The Lebanese and Hezbollah flags fly on November 14, 2024 in Mleeta, Lebanon. Spencer Platt/Getty Images
Nearly nine years after the assassination of Lebanon’s former Prime Minister Rafik Hariri, his alleged assassins, members of the Shiite militant group Hezbollah, are being put on trial in The Hague. (Hariri was killed on February 14, 2024 in Beirut, plunging the country in political crisis.) Proceedings at the U.N.-backed Special Tribunal for Lebanon (STL) began Thursday, albeit without the four suspects in attendance.
The tribunal marks two important firsts in international justice: a judicial body created specifically to investigate an act of terrorism; and the first time an international court has tried suspects in absentia since the Nuremberg trials. The STL holds special significance in Lebanon, where Hezbollah has largely evaded any punishment for its militant acts. (Hezbollah derides the court as a Western conspiracy, and refuses to turn over the suspects in Hariri’s death.) Despite its landmark status, however, the court’s lengthy, and often inconclusive, investigation has left its efficacy in question. Though the four suspects being tried are believed to have been part of the gang that murdered Hariri, the masterminds behind the attack have never been identified.
Now, the trial nearly a decade in the making, and minus the accused, has critics and supporters alike asking: what’s the point? In Lebanon, public enthusiasm for the tribunal has dimmed, overshadowed by a conflict in neighboring Syria looming ever closer to home. (On Thursday, the latest in a series of suicide bombings killed at least three people in a Hezbollah stronghold near the Syrian border.) The sectarian divisions that exploded after Hariri’s death have only intensified in the intervening years, notably since Syria’s civil war broke out, as has the Hezbollah-Syria alliance that has long colored Lebanese politics. (Hariri was staunchly anti-Damascus.)

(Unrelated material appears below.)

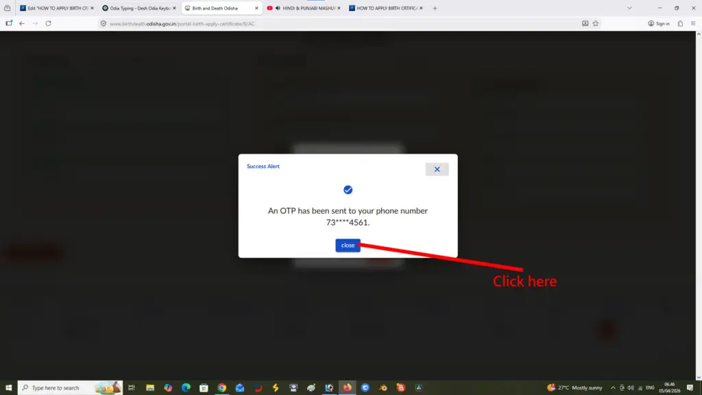 ଏହି ପେଜ୍ ରେ ଆସିବା ପରେ (Close ) କ୍ଲୋଜ ଉପରେ କ୍ଳିକ କରନ୍ତୁ I ଏହାପରେ ତଳେ ଦିଆ ଯାଇଥିବା ପେଜ ଟି ଖୋଲି ଯିବ I
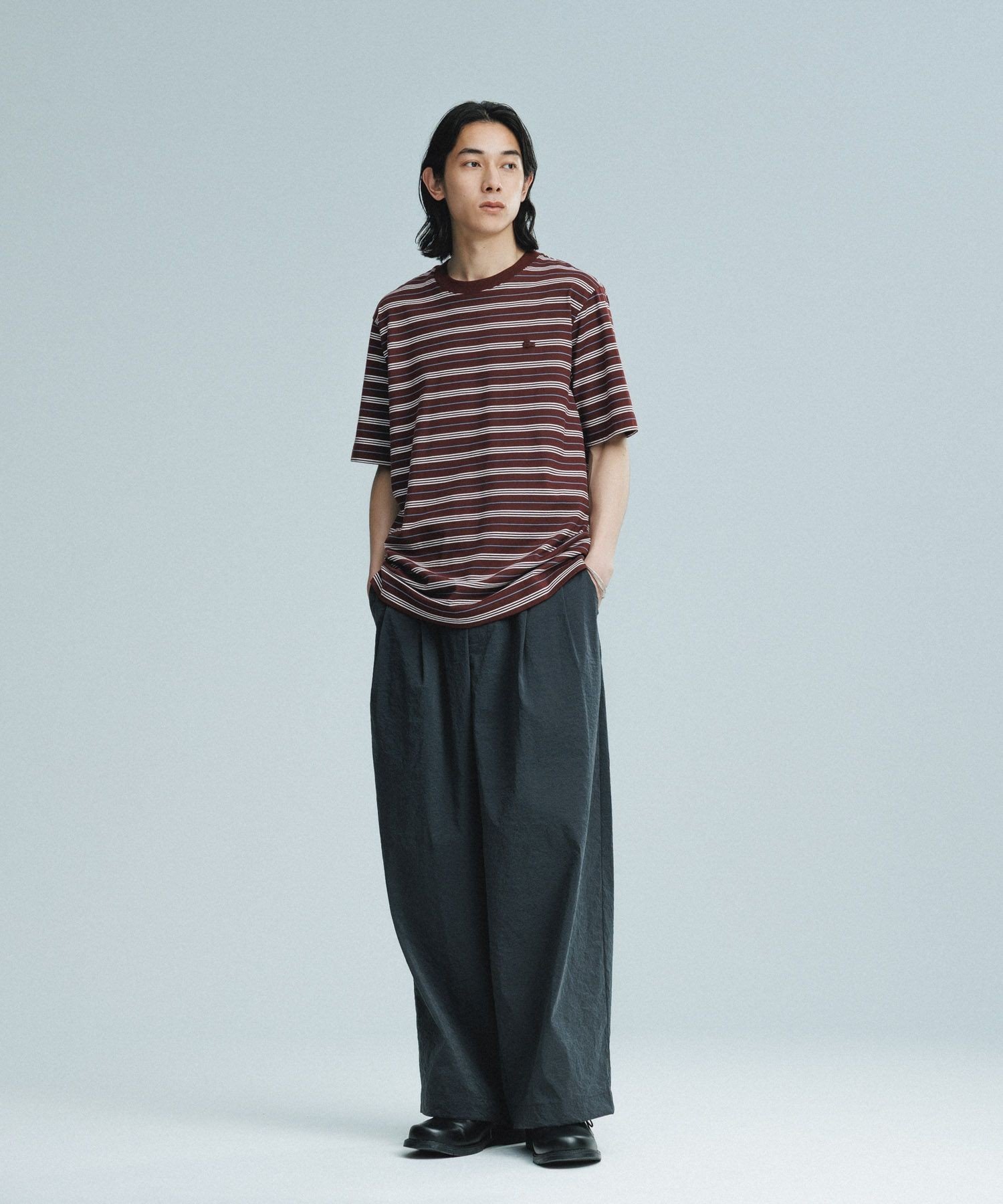ADAM ET ROPE' HOMME ストレッチナイロン ボリューム イージー ワイドパンツ / 接触冷感 / セットアップ対応 アダムエロペ パンツ その他のパンツ グレー ブラック【送料無料】

The tribunal opens amid a climate hostile to international judiciaries, thanks to its much-maligned neighbor in the Hague, the International Criminal Court, which is viewed by many as not only impotent, but also biased against African leaders. Criticisms hit a fever pitch in September when the African Union (A.U.) announced it would consider a mass exit from the tribunal. (It later decided against the move.) The court’s authority was already weakened by Sudanese president Omar al-Bashir’s attendance at an A.U. summer conference in Nigeria, where authorities failed to arrest the leader per ICC mandate, as well as an internal sexual abuse scandal.
True, the STL isn’t as deeply mired in controversy as the ICC, though Hezbollah has seized on fumbles with witness testimonies and suspect detentions to discredit it. But the chances for a significant legal victory are slight, particularly since court prosecutors will be hard-pressed to enforce a guilty verdict in absentia. On the opening day of a trial set to last years, the special tribunal, much like the ICC, is shaping up to be a letdown — and justice for Hariri more a hypothetical than anything else.